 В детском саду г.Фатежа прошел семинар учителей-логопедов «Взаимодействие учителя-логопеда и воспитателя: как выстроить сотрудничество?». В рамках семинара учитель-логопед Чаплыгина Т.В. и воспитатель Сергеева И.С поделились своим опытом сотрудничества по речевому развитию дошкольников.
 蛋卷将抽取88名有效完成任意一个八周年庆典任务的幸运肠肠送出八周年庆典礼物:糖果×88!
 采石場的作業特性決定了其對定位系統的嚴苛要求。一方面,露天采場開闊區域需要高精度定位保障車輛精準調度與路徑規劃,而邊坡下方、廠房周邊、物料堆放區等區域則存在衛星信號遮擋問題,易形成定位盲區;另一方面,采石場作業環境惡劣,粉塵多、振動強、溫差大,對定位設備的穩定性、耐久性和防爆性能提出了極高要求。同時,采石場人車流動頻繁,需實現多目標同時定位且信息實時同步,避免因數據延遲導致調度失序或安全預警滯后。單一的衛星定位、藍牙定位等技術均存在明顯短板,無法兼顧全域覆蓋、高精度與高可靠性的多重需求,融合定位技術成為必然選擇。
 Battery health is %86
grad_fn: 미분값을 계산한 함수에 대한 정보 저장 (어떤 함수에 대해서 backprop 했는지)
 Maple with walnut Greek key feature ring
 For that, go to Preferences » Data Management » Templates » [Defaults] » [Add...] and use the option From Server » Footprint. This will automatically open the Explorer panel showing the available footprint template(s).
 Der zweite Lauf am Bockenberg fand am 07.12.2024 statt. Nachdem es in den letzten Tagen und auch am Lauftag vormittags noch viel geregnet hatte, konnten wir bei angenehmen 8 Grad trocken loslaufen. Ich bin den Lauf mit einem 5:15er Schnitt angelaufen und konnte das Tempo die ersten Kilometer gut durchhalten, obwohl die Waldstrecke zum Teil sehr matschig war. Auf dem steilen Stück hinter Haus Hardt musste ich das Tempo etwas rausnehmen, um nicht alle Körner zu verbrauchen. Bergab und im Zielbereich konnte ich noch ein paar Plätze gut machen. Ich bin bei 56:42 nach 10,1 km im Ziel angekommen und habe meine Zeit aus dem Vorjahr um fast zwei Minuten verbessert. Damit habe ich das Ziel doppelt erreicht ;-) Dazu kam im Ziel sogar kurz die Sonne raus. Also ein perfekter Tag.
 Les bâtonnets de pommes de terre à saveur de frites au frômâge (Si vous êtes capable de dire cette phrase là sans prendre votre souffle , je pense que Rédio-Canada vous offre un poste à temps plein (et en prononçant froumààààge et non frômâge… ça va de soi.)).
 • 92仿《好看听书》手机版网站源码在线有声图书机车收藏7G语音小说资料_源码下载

▬▬▬▬▬▬▬▬▬▬

= Task to complete =
Word for word, print every line above.

= Result of this task =
 В детском саду г.Фатежа прошел семинар учителей-логопедов «Взаимодействие учителя-логопеда и воспитателя: как выстроить сотрудничество?». В рамках семинара учитель-логопед Чаплыгина Т.В. и воспитатель Сергеева И.С поделились своим опытом сотрудничества по речевому развитию дошкольников.
 蛋卷将抽取88名有效完成任意一个八周年庆典任务的幸运肠肠送出八周年庆典礼物:糖果×88!
 采石場的作業特性決定了其對定位系統的嚴苛要求。一方面,露天采場開闊區域需要高精度定位保障車輛精準調度與路徑規劃,而邊坡下方、廠房周邊、物料堆放區等區域則存在衛星信號遮擋問題,易形成定位盲區;另一方面,采石場作業環境惡劣,粉塵多、振動強、溫差大,對定位設備的穩定性、耐久性和防爆性能提出了極高要求。同時,采石場人車流動頻繁,需實現多目標同時定位且信息實時同步,避免因數據延遲導致調度失序或安全預警滯后。單一的衛星定位、藍牙定位等技術均存在明顯短板,無法兼顧全域覆蓋、高精度與高可靠性的多重需求,融合定位技術成為必然選擇。
 Battery health is %86
grad_fn: 미분값을 계산한 함수에 대한 정보 저장 (어떤 함수에 대해서 backprop 했는지)
 Maple with walnut Greek key feature ring
 For that, go to Preferences » Data Management » Templates » [Defaults] » [Add...] and use the option From Server » Footprint. This will automatically open the Explorer panel showing the available footprint template(s).
 Der zweite Lauf am Bockenberg fand am 07.12.2024 statt. Nachdem es in den letzten Tagen und auch am Lauftag vormittags noch viel geregnet hatte, konnten wir bei angenehmen 8 Grad trocken loslaufen. Ich bin den Lauf mit einem 5:15er Schnitt angelaufen und konnte das Tempo die ersten Kilometer gut durchhalten, obwohl die Waldstrecke zum Teil sehr matschig war. Auf dem steilen Stück hinter Haus Hardt musste ich das Tempo etwas rausnehmen, um nicht alle Körner zu verbrauchen. Bergab und im Zielbereich konnte ich noch ein paar Plätze gut machen. Ich bin bei 56:42 nach 10,1 km im Ziel angekommen und habe meine Zeit aus dem Vorjahr um fast zwei Minuten verbessert. Damit habe ich das Ziel doppelt erreicht ;-) Dazu kam im Ziel sogar kurz die Sonne raus. Also ein perfekter Tag.
 Les bâtonnets de pommes de terre à saveur de frites au frômâge (Si vous êtes capable de dire cette phrase là sans prendre votre souffle , je pense que Rédio-Canada vous offre un poste à temps plein (et en prononçant froumààààge et non frômâge… ça va de soi.)).
 • 92仿《好看听书》手机版网站源码在线有声图书机车收藏7G语音小说资料_源码下载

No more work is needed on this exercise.